DATA SECTION:

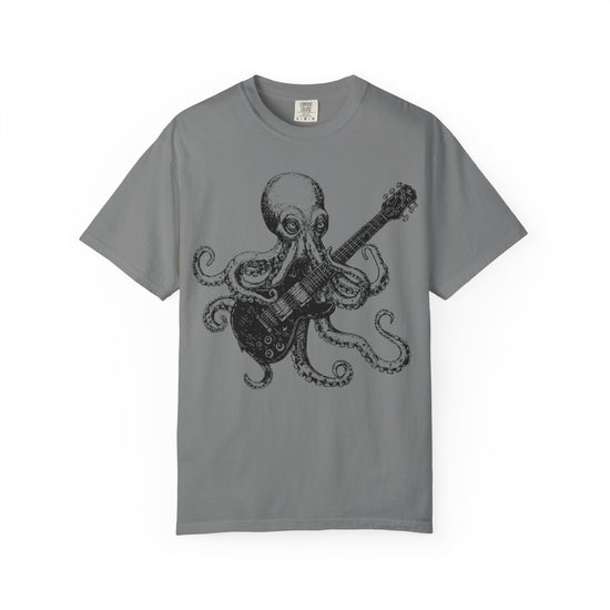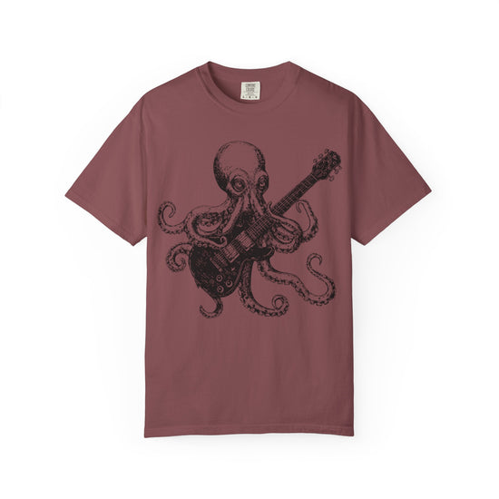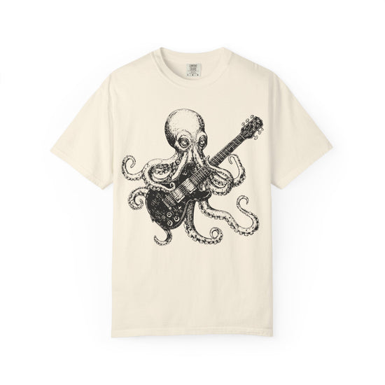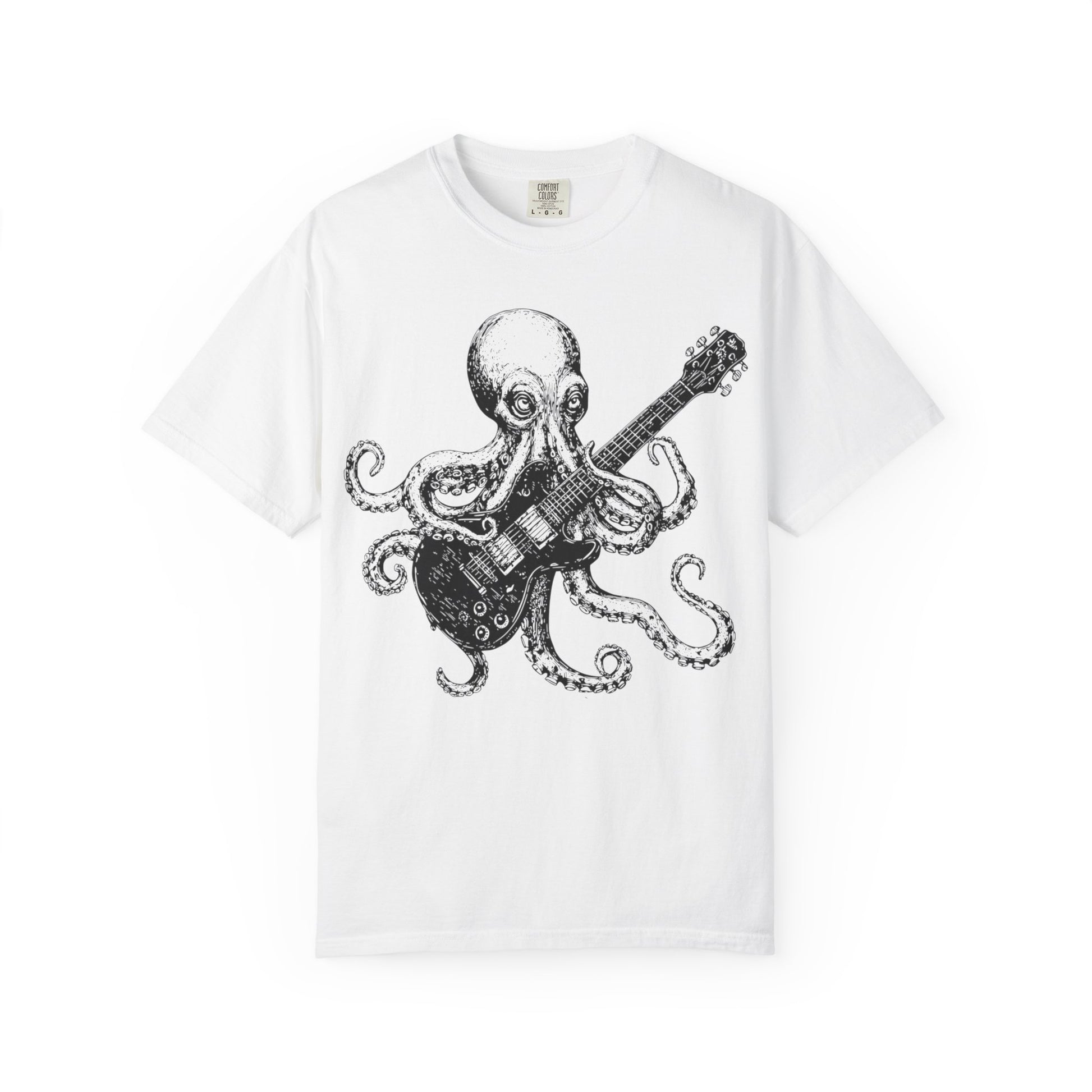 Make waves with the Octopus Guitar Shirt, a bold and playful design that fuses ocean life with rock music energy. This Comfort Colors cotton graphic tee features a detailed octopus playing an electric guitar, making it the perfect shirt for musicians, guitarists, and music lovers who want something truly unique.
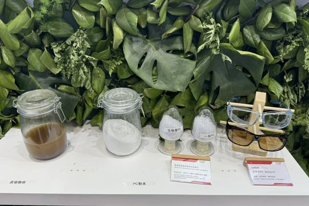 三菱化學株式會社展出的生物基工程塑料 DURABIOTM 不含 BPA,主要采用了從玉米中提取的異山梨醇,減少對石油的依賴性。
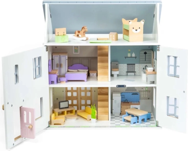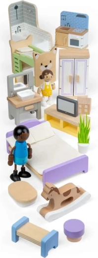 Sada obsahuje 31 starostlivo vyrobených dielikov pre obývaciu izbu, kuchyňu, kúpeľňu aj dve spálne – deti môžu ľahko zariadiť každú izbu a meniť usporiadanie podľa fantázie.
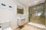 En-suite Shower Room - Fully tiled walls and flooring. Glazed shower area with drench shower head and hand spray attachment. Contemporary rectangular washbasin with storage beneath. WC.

YOUR OBJECTIVE: Reproduce the material word for word. Skip every picture it holds.

OUTPUT FOR THIS TASK:
 Make waves with the Octopus Guitar Shirt, a bold and playful design that fuses ocean life with rock music energy. This Comfort Colors cotton graphic tee features a detailed octopus playing an electric guitar, making it the perfect shirt for musicians, guitarists, and music lovers who want something truly unique.
 三菱化學株式會社展出的生物基工程塑料 DURABIOTM 不含 BPA,主要采用了從玉米中提取的異山梨醇,減少對石油的依賴性。
 Sada obsahuje 31 starostlivo vyrobených dielikov pre obývaciu izbu, kuchyňu, kúpeľňu aj dve spálne – deti môžu ľahko zariadiť každú izbu a meniť usporiadanie podľa fantázie.
 En-suite Shower Room - Fully tiled walls and flooring. Glazed shower area with drench shower head and hand spray attachment. Contemporary rectangular washbasin with storage beneath. WC.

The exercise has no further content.